It’s certainly interesting, seeing how glaciers would have looked, but I was imagining a larger mass of ice, glaciers that covered the whole UK, down as far as the M4 - I’d have been able to look from my front door at a two-mile high wall of ice to the north of my house!
Very strange.
If you copy the link and paste to a browser it works fine. But will not auto open it seem....
https://www.ukclimbing.com/articles/features/imagining_britai n's_lost_glaciers-10207
Hmm even that doesn't work once the link is posted here. Anyway, it is easy to find 🙂
You have to annoy the grammar pedants:
https://www.ukclimbing.com/articles/features/imagining_britains_lost_glaciers-10207
If people are interested in the landforms used to reconstruct the ice sheet, a new online map has just been launched.
https://www.sheffield.ac.uk/geography/staff/clark_chris/britice_v2/index
Click on the explore the ice sheet geomorphology button.
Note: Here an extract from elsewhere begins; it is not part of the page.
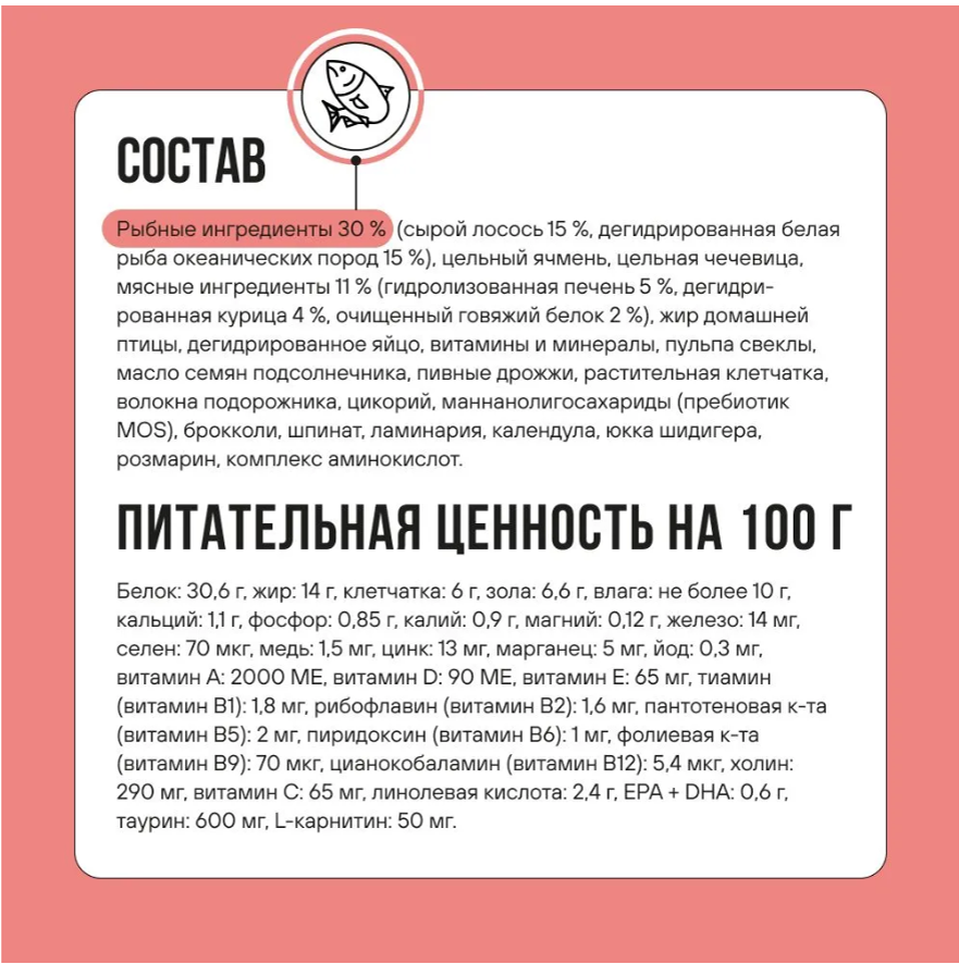 СоставnРыбные ингредиенты 30 % (сырой лосось 15 %, дегидрированная белая рыба океанических пород 15 %), цельный ячмень, цельная чечевица, мясные ингредиенты 11 % (гидролизованная печень 5 %, дегидрированная курица 4 %, очищенный говяжий белок 2 %), жир домашней птицы, дегидрированное яйцо, витамины и минералы, пульпа свеклы, масло семян подсолнечника, пивные дрожжи, растительная клетчатка, волокна подорожника, цикорий, маннанолигосахариды (пребиотик MOS), брокколи, шпинат, ламинария, календула, юкка шидигера, розмарин, комплекс аминокислот.

Not the same pretty pictures but lots of information.
that's pretty cool though I've no idea what I'm looking at 🙂 The lake over the east riding of yorkshire is pretty interesting, no wonder it's so flat!
Interesting...a bit - would like to see how big the mountains might have been before the glaciers carved them up.
Oh, and if others haven't realised by now, you can't have an apostrophe within the 'plain text' unencoded representation of a web URL, e.g. one that you would type out by hand.
When you copy the URL, it's not always adding each of the characters you can see into the clipboard - instead it's 'encoding' it in a compatible format. Always worth checking things like this (and other illegal characters) when a web link doesn't work - if it's been copied and pasted onto a web page, it's probably OK, but if someone's typed it by hand, possibly not. That wasn't actually the issue here, as the Britain's bit was wrong anyway....but thought I'd share this boring fact...makes glacier formation seem incredibly interesting in comparison 😉
Great article.
Great article - although I suppose it shows the final stages of glacial retreat, given that my neck of the woods in northern England was thought to be under 800m of ice sheet at the ice age maximum.
Still, this is cooler to look at!
Very interesting article, and nice link ahsat.
And the reason the link in the OP doesn't work is not that apostrophe`'s are not allowed in links, it's that the apostrophe is being mangled.
It's turning from [code]'[/code] to [code]’[/code]. Forum bug i guess.
I don't suppose any of the locations shown would have been particularly interesting at glacial maximum!
The Ben Nevis impression looked very alpine and if you've been up to climb there in winter not too hard to imagine as the whole place is approaching alpine scale anyway. The one of the Scafell range and the Tryfan/Glyderau one are very reminiscent of the smaller alpine ranges today.